Таким образом я и оказалась такой единственно «живой душой», способной терпеливо выслушивать длинные (и, в какой-то мере, интересные даже для меня) медицинские истории, и еще более интересные истории из жизни самого Тевия Израилевича, начиная с воспоминаний о детстве.
К сожалению, и к огорчению Тевия Израилевича, медицина никогда не была моим «коньком». Куда больше меня трогали его сердечные дела, его трудные и запутанные отношения с женой, его печальные предчувствия будущей одинокой старости. По-видимому, красивая певица, (действительно очень красивая, судя по карточкам), была не из тех, кто дожидается мужей по 10–15 лет…

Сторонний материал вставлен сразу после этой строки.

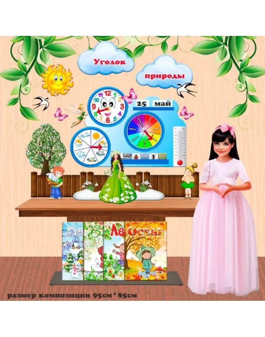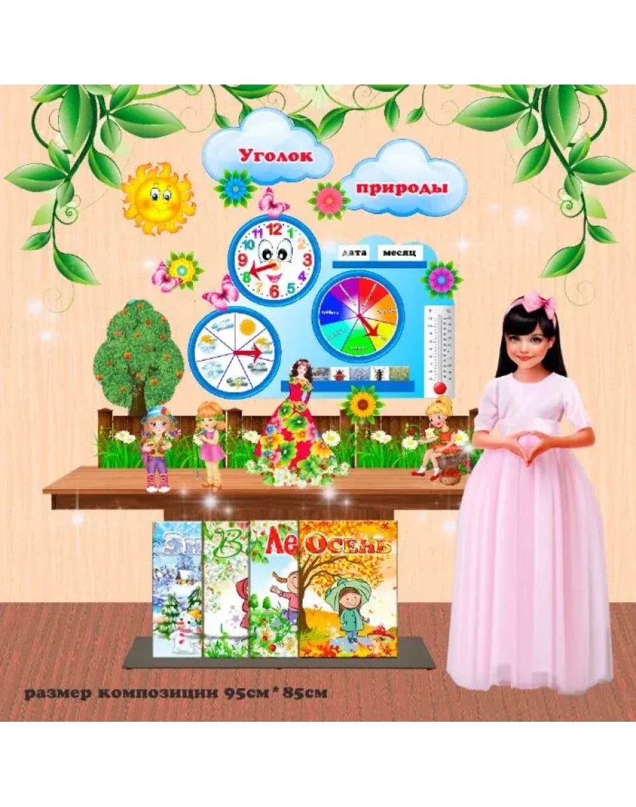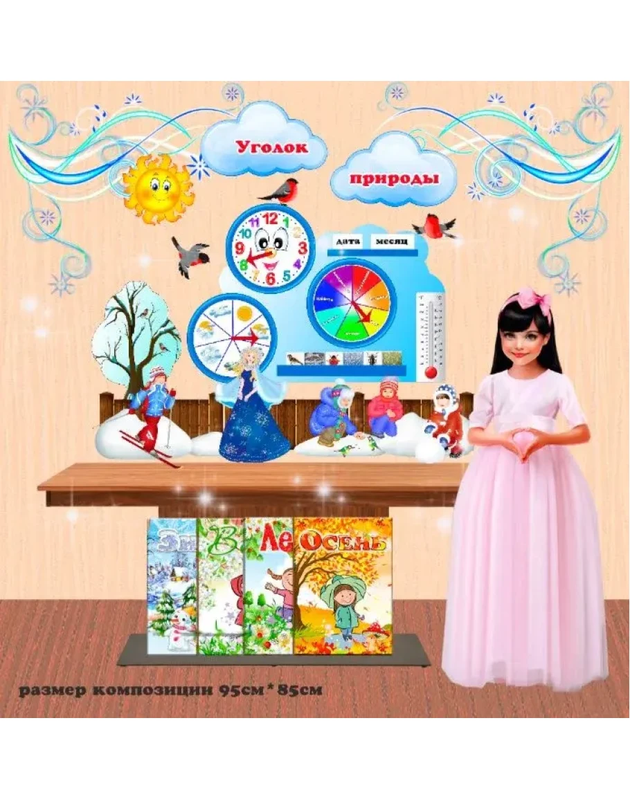 Электронные макеты для распечатки и самостоятельного оформления уголка природы.В комплект входит шапочка облачка(уголок,мир,центр) на выбор,солнышко,календарь наблюдений,заборчик,летние элементы:фея Лето,ребятки,трава,дерево летнее,цветочки,бабочки,осенние элементы:фея осень,ребятки,элементы с фруктами,дерево,листочки,зимние элементы:фея Зима,ребятки,снегири,дерево зимнее,сугробы,весеннее оформление:фея Весна,подснежники,ландыши,ребятки,птички,весеннее дерево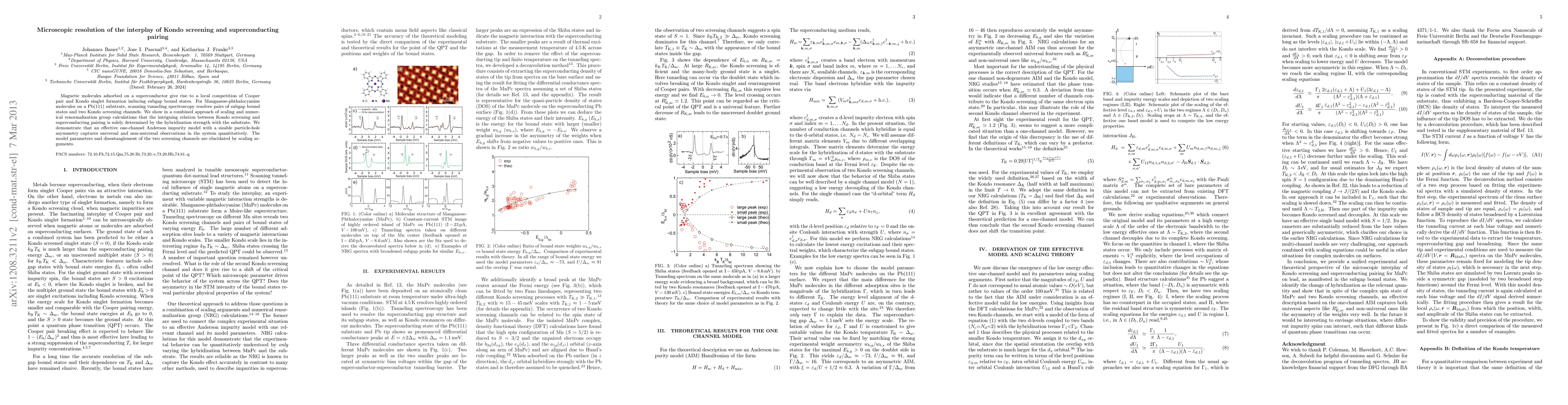 Researchers studied how magnetic molecules on a superconductor's surface affect its behavior, finding that the interaction between the two determines the relationship between superconducting pairing and Kondo screening. The study used a combination of experiments and calculations to understand this phenomenon.

Мы подружились. Однако, нельзя сказать, чтобы наши отношения были всегда ровными и дружескими. Фанатически любя медицину, и веруя в её великие возможности, Тевий Израилевич, как я уже сказала — прекрасный диагност и отличный врач и не только в своей узкой специальности кардиолога, но и в других её областях, к сожалению интересовался в основном медицинской наукой, больше чем объектом, к которому наука эта в данном случае прилагалась. Он готов был сидеть у тяжело больного (скажем, с инфарктом пли крупозным воспалением легких) ночь напролёт, ловя мельчайшие изменения в состоянии больного, готовый молниеносно вырвать его из когтей смерти в минуту острого кризиса; готов был исследовать и 10 раз выслушать больного ставя всегда безошибочный диагноз. И как же был он осторожен с диагнозом в туманных и неясных случаях! Так и вижу его размышляющим и бормочущим вполголоса, по привычке думать вслух: «Что редко — то редко… Бывает… Бывает… но редко…» И один за другим, он отбрасывает возможные диагнозы. Вот это «редко» и делало его врачом крайне вдумчивым, похожим на шахматиста, который хочет выиграть наверняка… И так вот пока больной остаётся неясен, или наоборот — ясность наступила и пришла пора бороться за жизнь этого больного — Тевий Израилевич был в одном-единственным «фокусе» — весь собранный, весь — внимание, ну, как стрелок на охоте! Тут уж он забывал и о красавице — жене, и о шумящей на сотню верст кругом тайге, не видел зябко помигивающего светильника, резервуар которого составляла половина выскобленной картофелины, а горючее — мазут, добытый у водителей катеров, так как керосин доставлялся обычно «с перебоями», а «движок» электрогенератора большей частью вообще не работал, так как чинить его было некому; забывал о колючей проволоке и вышках по углам «Кустовой больницы для трудармейцев»… О бараках, битком набитых доходягами, умиравшими от голода, которых уже никакая, даже самая гениальная медицина спасти не могла…
Но ВОТ, «битва за жизнь» выиграна. Больной медленно, но верно начинает поправляться. И Тевий Израилевич тут же теряет к нему всякий интерес. Конечно, при обходе он профессионально шутит, похлопывает больного по плечу, но на самом деле далек от него, за тысячи километров… Мимоходом ворчит на сестер и санитаров, а в душе скучает от этого тяжелого хлама будничной больничной жизни с её антисанитарными условиями и голодом. Всё это его не интересует, это не его «амплуа». Когда приносят ему на подпись «меню» — нехитрое меню из грибного супа (грибов в тайге кругом масса, и мы сушим их для больницы на всю зиму) и овсяной каши, он не глядя ставит закорючку вместо подписи и оживляется только когда подается лист «дополнительных порций» — ведь больница же всё-таки! Надо же людей поддержать! И на 600700 больных отдел снабжения выписывает лишних 20 порций хлеба по 300 граммов и 20 лишних половников жиденькой овсяной каши. Тут начинаются мучения Тевия Израилевича и мои с ним ссоры. Кому дать эти лишние 300 граммов?